To be sure, many of these providers do still choose to join insurance company networks. That may be because they find it distasteful to bill patients directly or because they prefer the ease of collecting from insurers rather than patients. But when they do go in network, they appear to receive some of the highest in-network payment rates in the health care industry. Whereas the in-network payment rate across many similar specialties averages around 125 percent of the Medicare rate for the service, the available data suggest that the average in-network rate for anesthesiologists is roughly 350 percent the Medicare rate. For emergency medicine physicians it is roughly 300 percent the Medicare rate.
One way to understand these very high in-network rates is that these physician types exploit the fact that they could remain out-of-network to demand very high payment rates when they do go in-network – payment rates more than double what their peer physicians who cannot realistically plan to stay out-of-network receive.

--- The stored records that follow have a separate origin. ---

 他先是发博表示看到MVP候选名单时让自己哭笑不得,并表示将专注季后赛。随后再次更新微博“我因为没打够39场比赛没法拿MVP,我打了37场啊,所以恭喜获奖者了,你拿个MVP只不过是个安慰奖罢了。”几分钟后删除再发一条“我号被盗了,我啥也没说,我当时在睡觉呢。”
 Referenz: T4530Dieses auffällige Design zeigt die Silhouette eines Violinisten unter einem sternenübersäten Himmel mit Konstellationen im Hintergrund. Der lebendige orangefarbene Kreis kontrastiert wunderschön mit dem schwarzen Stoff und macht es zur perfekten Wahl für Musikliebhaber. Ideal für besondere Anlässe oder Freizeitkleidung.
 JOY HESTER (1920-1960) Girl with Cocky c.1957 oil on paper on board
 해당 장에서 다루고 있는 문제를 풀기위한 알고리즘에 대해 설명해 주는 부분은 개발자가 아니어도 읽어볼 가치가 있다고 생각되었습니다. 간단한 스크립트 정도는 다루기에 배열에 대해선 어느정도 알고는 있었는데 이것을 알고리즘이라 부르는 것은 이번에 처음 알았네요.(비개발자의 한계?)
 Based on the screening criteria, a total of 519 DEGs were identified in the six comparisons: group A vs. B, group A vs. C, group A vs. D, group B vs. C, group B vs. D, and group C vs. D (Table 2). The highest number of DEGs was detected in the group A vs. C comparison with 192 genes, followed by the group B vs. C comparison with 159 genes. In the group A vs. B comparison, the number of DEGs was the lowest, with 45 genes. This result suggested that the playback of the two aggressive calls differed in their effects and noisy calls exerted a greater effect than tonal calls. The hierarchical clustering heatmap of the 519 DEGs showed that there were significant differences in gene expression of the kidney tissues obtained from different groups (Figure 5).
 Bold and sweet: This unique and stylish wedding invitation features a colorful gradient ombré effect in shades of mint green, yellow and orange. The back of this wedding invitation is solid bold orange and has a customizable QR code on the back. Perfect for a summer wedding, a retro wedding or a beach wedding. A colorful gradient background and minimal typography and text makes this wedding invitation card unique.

Further, the impact is felt broadly by consumers of health care. Sometimes, an out-of-network care episode generates an eye-popping surprise balance bill that ends up in the news, but in many other cases, the insurer agrees to pay the very high charge, and this, along with high in-network rates, drives up premiums for everyone.
Policymakers who want to solve this problem need to correct the market failure and create an environment where these providers face a more typical set of incentives. There are two basic ways to approach the solution.

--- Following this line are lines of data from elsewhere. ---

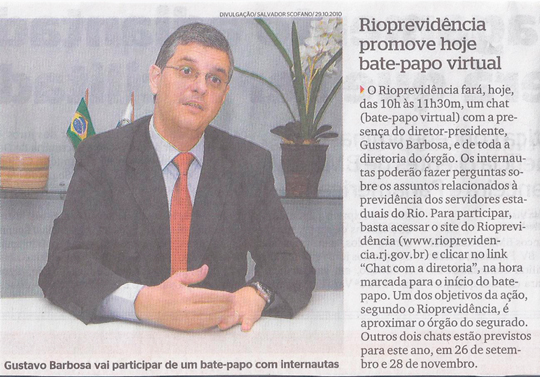 Rioprevidência promove hoje bate-papo virtual.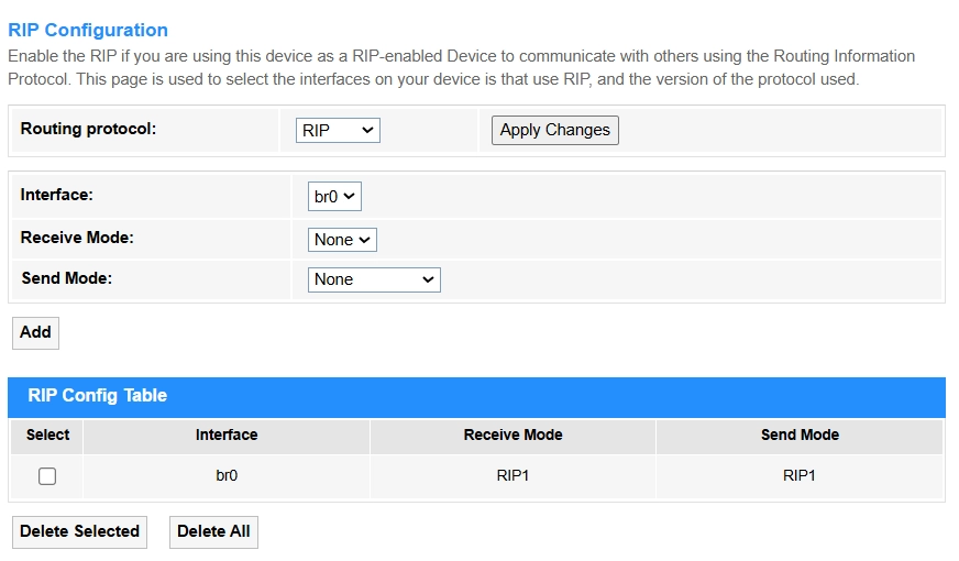 Send Mode: Select to define RIP version for outgoing updates (None/RIP1/RIP2/RIP1COMPAT).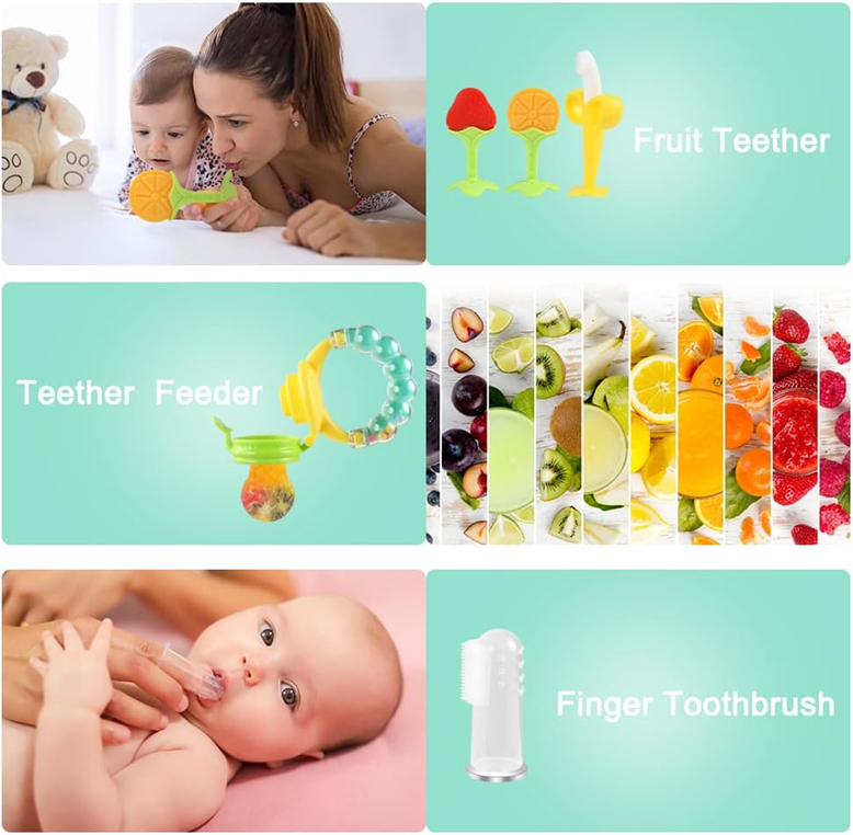 - Ideálna sada na kŕmenie bábätiek - sada na kŕmenie obsahuje 2 ovocné cumlíky pre bábätká, 1 silikónovú mäkkú lyžičku, 2 hryzátka na ovocie, 1 banánové hryzátko, 2 kefky na zuby na prst, 1 pásik na cumlík a 3 rôzne veľkosti 6 silikónových cumlíkov (veľkosť S je vhodná pre deti vo veku 3-6 mesiacov. Veľkosť M je vhodná pre deti vo veku 6-12 mesiacov. L je vhodná pre deti vo veku 12-24 mesiacov.).

The first is to establish an amount that these physicians will be paid when they deliver care out-of-network. Policymakers should establish the out-of-network price for the relevant service, either directly or through arbitration; prohibit balance billing above this amount; and require the insurer treat this amount as in-network. The goal is not to establish the exactly “correct” commercial payment rate, but rather to establish conditions that diminish the attractiveness of the out-of-network option and lead these providers to go in-network or work with hospitals to get paid a normal rate. While there are a number of methodologies that can be used to establish this out-of-network price, it is critical that it not be set at a rate that is “too high” (either higher than now or that locks in the current distorted rate), since that would drive up costs and frustrate the basic goal of restoring a market for these services.
The second approach is to get these types of providers out of the business of billing directly to patients or insurers, at all. Instead, they would be paid by the hospital or other facility in which they practice. Hospitals would negotiate with insurance companies for a rate that includes the services, and the hospitals would pay the anesthesiologists and other-facility based providers. An alternative version would require that facility-based providers establish contracts with all insurers that are in-network for the facility at which they practice.

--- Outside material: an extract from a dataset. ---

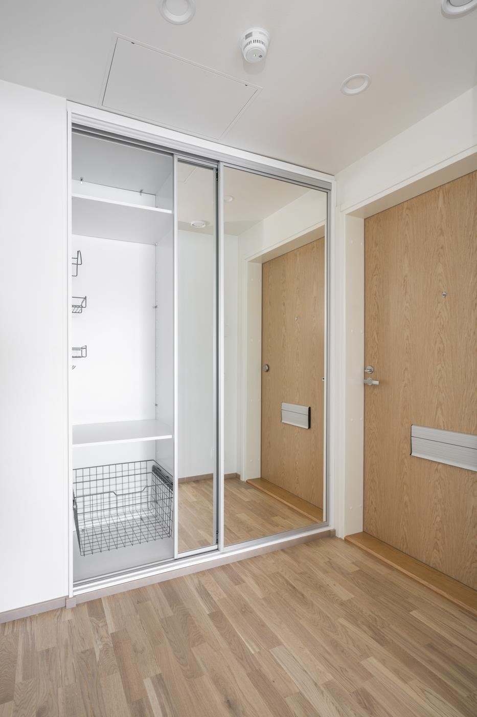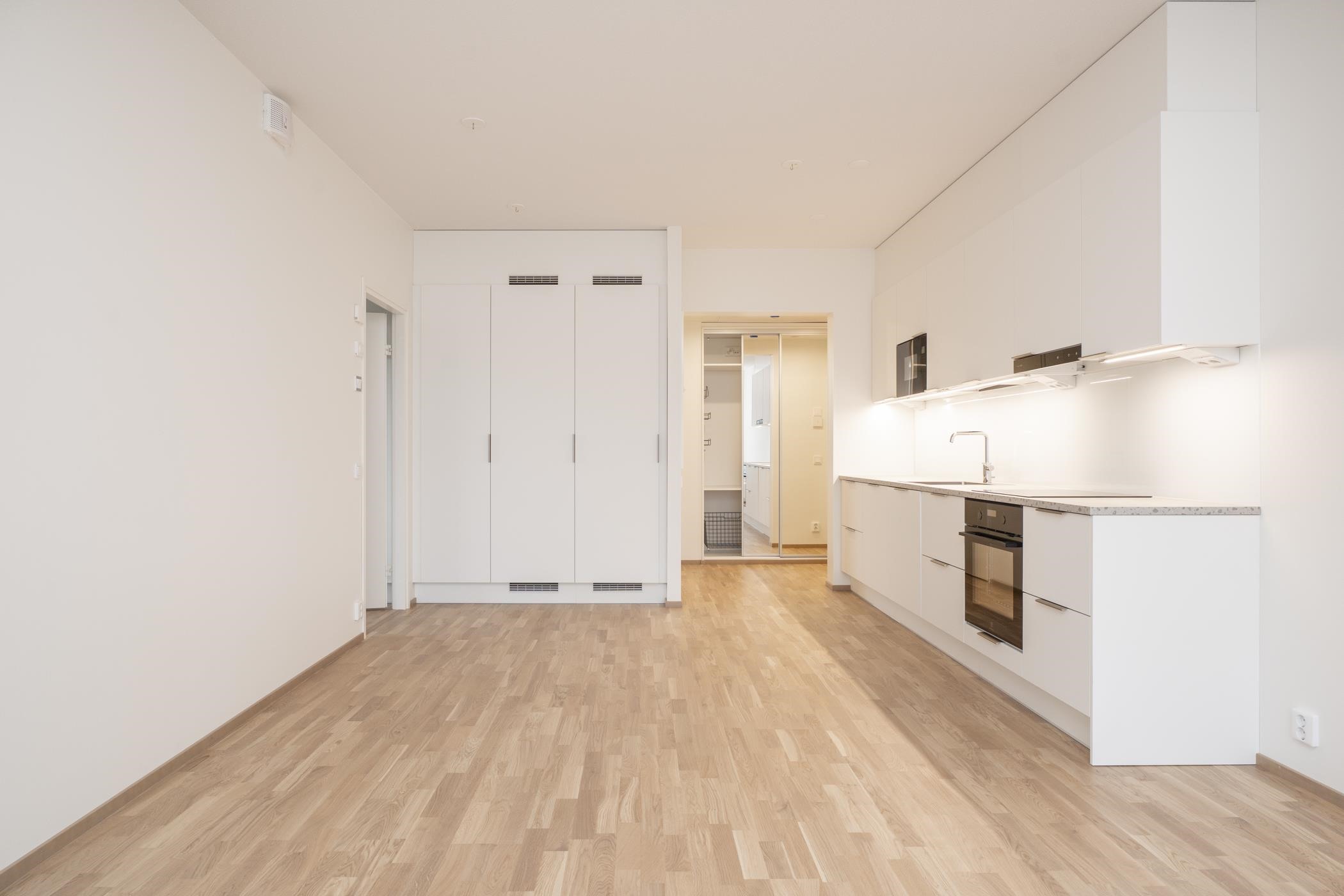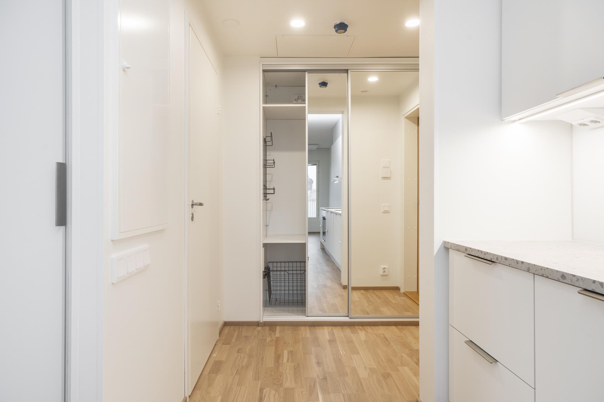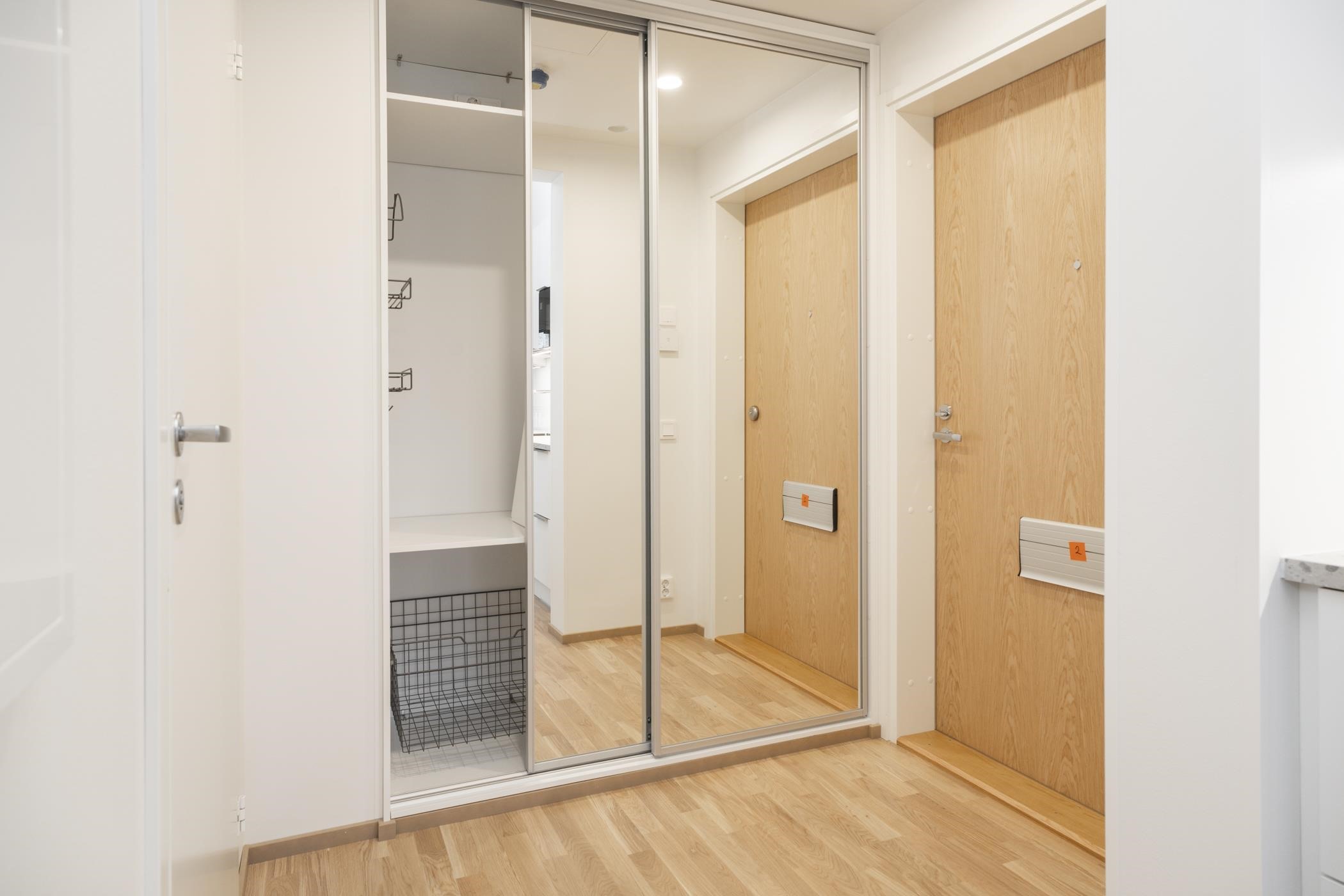 Rakennusaikainen muutos: makuuhuoneen liukuoven tilalle otettu valkoinen sileä laakaovi.

Before I close, I want to briefly highlight the work states are already doing. Many states have taken steps to correct the market failure by pursuing a diverse array of policies – generally by capping the amount that a provider can be paid out of network. But states are somewhat limited in their ability to act comprehensively by the threat of ERISA preemption, and they face challenging border-state issues.
Thank you. I look forward to your questions.